Yes you did and I agree it is on a case-by-case basis depending on the needs and urgency. We should exchange contact info. You never know, I might see you down there....


----------



## khanf1

Sorry to highjack this thread but i wanted to ask this question specifically from Canadian, That how are you applying for jobs in UAE. Through a recruiter. direct company website. 

I have applied through quite a few jobs through gulftelent and bayt but got no response. Any help would be appreciated.


----------



## Northeast

How is the work culture in ENEC. Can someone shed some light on work culture, facilities at the plant location, work schedule, attitude towards non-locals etc...?


----------



## Evok

Northeast said:


> How is the work culture in ENEC. Can someone shed some light on work culture, facilities at the plant location, work schedule, attitude towards non-locals etc...?


1) Culture is similar to what you'd find in the rest of the UAE, except that things are a little more hurried. That said, it'll be much slower than what you'll find in the US. Don't backtalk your superiors, never upset a local, that sort of stuff. Same as you'll find on the rest of the forum. 

2) They've got decent facilities. I don't recall what they are off hand, but there's good, hot food, decent housing, etc etc.

3) Work schedule depends a lot on what you're doing. 

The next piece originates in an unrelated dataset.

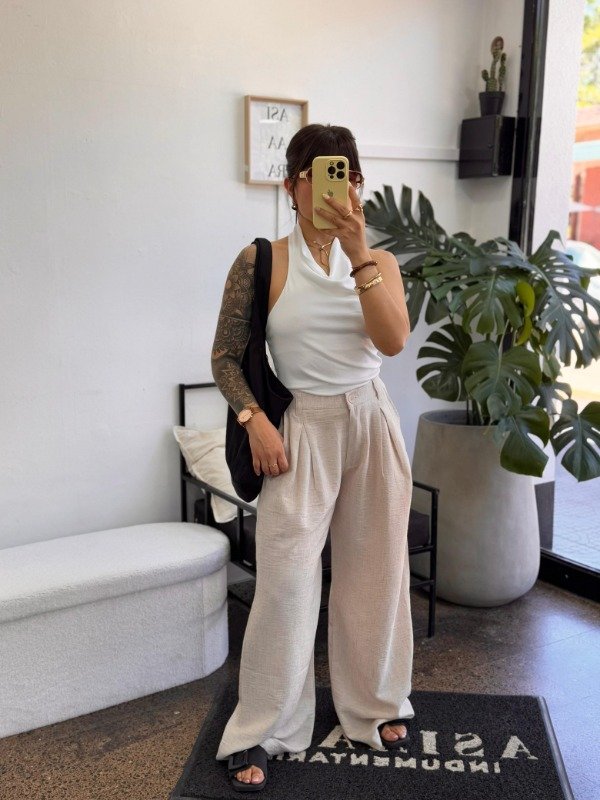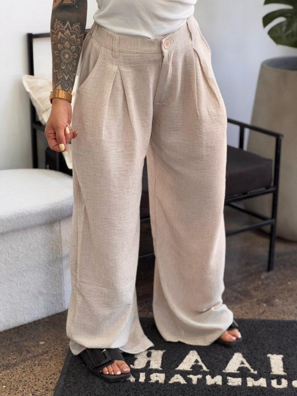 Pantalón tela cey,con elástico en la cintura y bolsillos

4) Attitude is the same as what you find in the rest of the UAE in a large scale position. Different countries are respected at different levels. Americans are basically #2 after locals in respect (but that's a way, way big step function). Once again, other parts of the forum can explain this, so I won't go into huge detail here. 

Shoot me a PM. Rare to find a fellow American here (in nuclear).


----------



## Linken

Hello all,

Always good to see a nuclear engineering thread on the go. I am a young expat just starting at Khalifa University as a nuclear engineering intern. 

A friend of mine is currently finishing their engineering degrees back in England and are looking for roles in the the nuclear industry in the UAE. Do you know if they have anything going for entry level graduates or are the roles all for senior engineers?

Cheers


----------



## Evok

Linken said:


> Hello all,
> 
> Always good to see a nuclear engineering thread on the go. I am a young expat just starting at Khalifa University as a nuclear engineering intern.
> 
> A friend of mine is currently finishing their engineering degrees back in England and are looking for roles in the the nuclear industry in the UAE. Do you know if they have anything going for entry level graduates or are the roles all for senior engineers?
> 
> Cheers


All Senior. 

Sorry mate.


----------



## NucExpat

Hey Evok - now that you have been there some time - 

1. Is the expat turnover high at your employer?

2. Are you (a regulator) allowed to interact with the Americans working for the contractors/ENEC - and if you have met any over your stay, how is the turnover there 

Thanks


----------



## Evok

1) Expat turnover is extremely low at my employer. Part of this is inertia, part of it is that they've actually cherry picked pretty hard to get really talented folks.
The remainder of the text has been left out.